Seasonal forecasts are essential for adaptation
“Farmers, fishermen, and politicians are using this information to plan better,” says CIIFEN’s Felipe Costa. “It is known that La Niña increases some fisheries catches in Peru and Chile, but could reduce the productivity in agriculture due to drops in rainfall in some regions.”
Crop yields are only one aspect of food security, when it comes to ENSO effects, according to Dr. Weston Anderson, agroclimatologist at International Research Institute for Climate and Society (IRI). “Regions of chronic food insecurity or those already experiencing other stress are areas where ENSO may have the largest effect on food security. In the Horn of Africa, for example, we know that La Niña forces droughts that in the past have overlapped with violent conflict and political crises to cause severe food insecurity that reached famine levels in 2011. Dr. Anderson adds on a more positive note that “even if droughts cause crop failures, they don’t need to become food crises if we act quickly.”

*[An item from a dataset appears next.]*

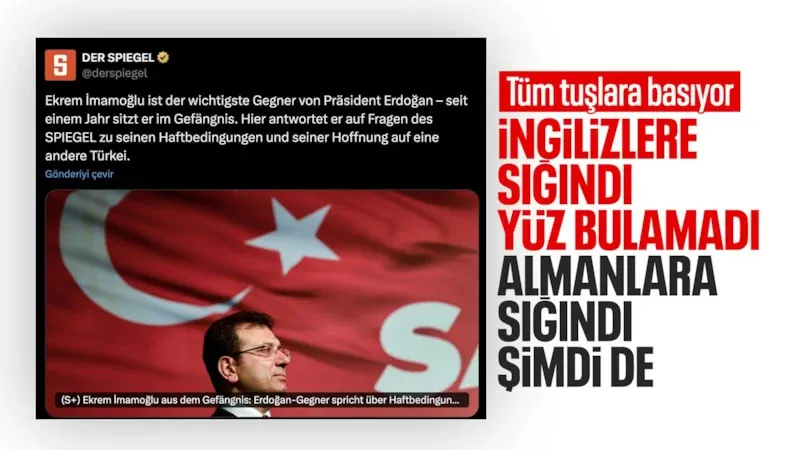 Bir yıldır cezaevinde bulunan Ekrem İmamoğlu, Alman Der Spiegel dergisine yaptığı açıklamada Batılı ülkelerin tutumuna ilişkin eleştirilerde bulundu.

There are also questions of how climate change effects might interact with ENSO and natural climate variability. So far, scientists still have difficulties in extracting those signals. At CIIFEN, Felipe Costa says that some climate change scenarios point to the upper part of the ocean getting warmer, which could lead to El Niño-like conditions occurring more frequently in the Eastern Pacific. At the Met Office, Steve Hardiman says IPCC models predict rainfall will become increasingly variable in the tropical Pacific. This might actually help experts make better forecasts for Europe. “This stronger ENSO-related variability appears to strengthen the link between ENSO and European winter weather, which may lead to improved seasonal predictability for European winters in future.”
Working out what remote echoes ENSO will have still needs perfecting. “Different El Niño and La Niña events show slightly different patterns and strengths,” says Dr. Scaife. “These affect the remote impacts and now that we know more about forecasting the different types of ENSO, the next generation of forecast systems will need to get these more subtle aspects correct.”